Мы вышли из номера вместе и спустились в вестибюль. Питер направился прямо к конторке. Ландберг-младший следил с напряженным лицом за его приближением. Мой сосед закурил и обаятельно улыбнулся.

– В какой-то момент времени я забыл, как тебя зовут.

– Ричард, – ответил молодой человек.

– Можно звать Диком?

– Большинство зовут меня Ричем, сэр.

– Я должен извиниться перед тобой, Рич. – Питер глубоко затянулся. – Учусь орудовать деревянной ногой, вот и выхожу из себя, как последний сукин сын. Устал с дороги, да и здесь у дома чуть не грохнулся на снегу.

Я понимал, он себя заставляет небрежно говорить о своем увечье – что-то вроде упражнения по самодисциплине.

– Можешь забыть прошлое и начать с чистого листа?

– Еще бы! – Лицо Рича просветлело. – Могу я вам как-нибудь услужить, сэр?

– Зови меня Питер. Где твоя мать? Я с ней еще не поздоровался.

– Неважно себя чувствует, сэр, то есть Питер. Будет после обеда.

– Передай ей от меня привет. Увидимся с ней утром. Ты участвуешь в завтрашних прыжках?

– Соперники не по мне, – ответил Рич. – Лучшие в стране.

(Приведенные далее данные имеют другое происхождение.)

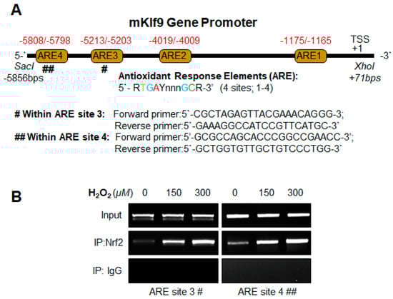 The ChIP assay was conducted with the ChIP-IT® Express (Cat. No. 53008; Active Motif, Carlsbad, CA, USA) according to the manufacturer’s instruction(s) as well as following our published protocol [,,,]. Antibodies used were control IgG, an antibody specific to Klf9 (Catalog No. 701888, Thermo Scientific) and Nrf2 (Catalog No. Ab180845, Abcam). RT-PCR amplification was performed with 5 μL of DNA sample. The program applied for amplification was 3 min for 94 °C (denaturation), 20 s at 95 °C, 30 s at 59 °C, and 30 s at 72 °C for 36 cycles in 25 μL reaction volume (RT-PCR). The data obtained with RT-PCR was resolved onto 1.5% agarose gel and the band was visualized under UV, and images were captured. The data obtained from qPCR is presented as a histogram. Primers used are noted below.

– У меня прыгать никогда не получалось. Даже до того, как я обзавелся этой штуковиной. – Питер хлопнул себя по правому бедру и повернулся ко мне: – Пойдемте, Джим, проверим, можно ли пить здешнее виски.

– Если вам что-нибудь нужно, только скажите. – Рич улыбался застенчиво, но я видел, что Питер его покорил. – Я тоже должен перед вами извиниться. Мне надо было сразу выполнить то, что вы просили.

– Тебе, вероятно, не понять, но твой должник – я.

Мы двинулись к бару.

– Я в самом деле ему обязан, – продолжал Питер. – Всякий раз, когда мне удается говорить о своей ноге в шутливом тоне, у меня внутри развязывается еще один узелок.

Мы протолкнулись к стойке сквозь толпу посетителей гриля и заказали по виски со льдом. В углу наигрывали на пианино джаз. Несколько пар танцевали в облегающих костюмах стиля апре-ски.

Откуда-то вынырнул с неизменной хозяйской улыбкой Макс.

– Вижу, вы познакомились. Комната сойдет, Питер?

– Замечательная. Я имел удовольствие извиниться перед Ричем за то, что вел себя как придурок. Теперь чувствую себя превосходно и хочу угостить вас выпивкой.

– Первая за счет заведения. – Макс кивнул бармену.

Мы стояли спиной к стойке и обозревали зал.

– Живописное сборище, – проговорил Питер.

Макс усмехнулся:

– Считается, что наш успех определяют исключительные условия зимнего отдыха.

– Разве это не так, плюс твое умение управлять приютом?

– Я бы назвал кое-что другое – изобретение эластичных брюк. Лыжи так и остались бы невостребованным видом спорта для кучки избранных, если бы кому-то не пришло в голову придумать эластичные брюки для женщин. Когда женщины их надевают, к ним так и тянет мужчин. Отсюда успех лыж.